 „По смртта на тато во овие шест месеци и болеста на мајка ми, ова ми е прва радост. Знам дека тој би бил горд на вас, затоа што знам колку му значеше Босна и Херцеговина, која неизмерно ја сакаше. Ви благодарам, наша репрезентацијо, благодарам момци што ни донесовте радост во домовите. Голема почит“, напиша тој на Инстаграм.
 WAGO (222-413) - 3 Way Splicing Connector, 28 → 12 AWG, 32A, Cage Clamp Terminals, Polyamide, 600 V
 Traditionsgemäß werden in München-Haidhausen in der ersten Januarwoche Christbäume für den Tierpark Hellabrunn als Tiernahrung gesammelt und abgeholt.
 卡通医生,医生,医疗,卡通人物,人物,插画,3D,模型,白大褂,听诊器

══════

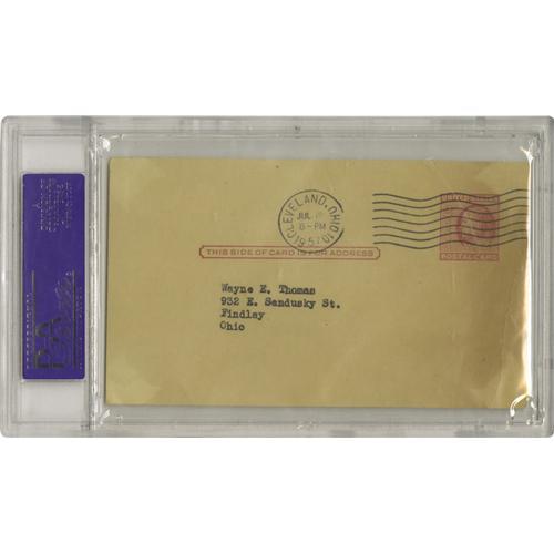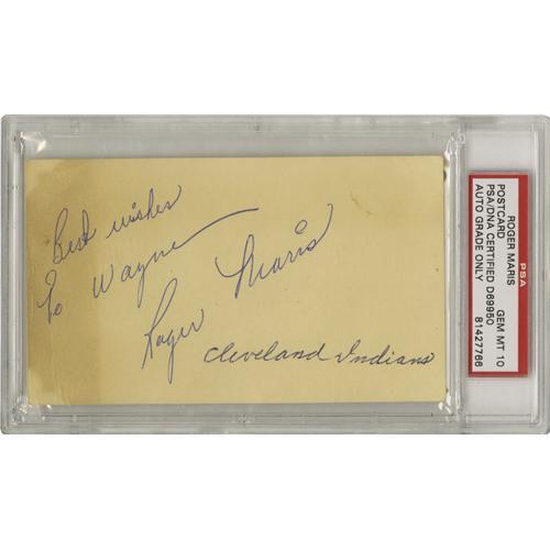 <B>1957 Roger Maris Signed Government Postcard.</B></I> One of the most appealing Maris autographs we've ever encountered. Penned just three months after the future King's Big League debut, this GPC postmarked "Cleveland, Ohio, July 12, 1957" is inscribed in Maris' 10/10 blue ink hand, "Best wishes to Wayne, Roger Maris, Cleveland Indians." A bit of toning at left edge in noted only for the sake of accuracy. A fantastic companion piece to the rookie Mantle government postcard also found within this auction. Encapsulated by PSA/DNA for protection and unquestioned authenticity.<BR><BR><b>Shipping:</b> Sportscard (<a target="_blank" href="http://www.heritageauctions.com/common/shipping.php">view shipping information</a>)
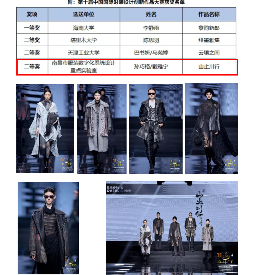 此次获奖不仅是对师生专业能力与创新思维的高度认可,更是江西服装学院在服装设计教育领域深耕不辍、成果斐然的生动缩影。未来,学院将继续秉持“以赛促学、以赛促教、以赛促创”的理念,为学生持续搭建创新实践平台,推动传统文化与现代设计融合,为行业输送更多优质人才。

══════

## ASSIGNED TASK
Restate word for word the lines of the data above, starting at the line containing "WAGO (222-413) - 3" and ending at the line containing "卡通医生,医生,医疗,卡通人物,人物,插画,3D,模型,白大褂,听诊器", both included, and nothing more.

## EXPECTED ANSWER
 WAGO (222-413) - 3 Way Splicing Connector, 28 → 12 AWG, 32A, Cage Clamp Terminals, Polyamide, 600 V
 Traditionsgemäß werden in München-Haidhausen in der ersten Januarwoche Christbäume für den Tierpark Hellabrunn als Tiernahrung gesammelt und abgeholt.
 卡通医生,医生,医疗,卡通人物,人物,插画,3D,模型,白大褂,听诊器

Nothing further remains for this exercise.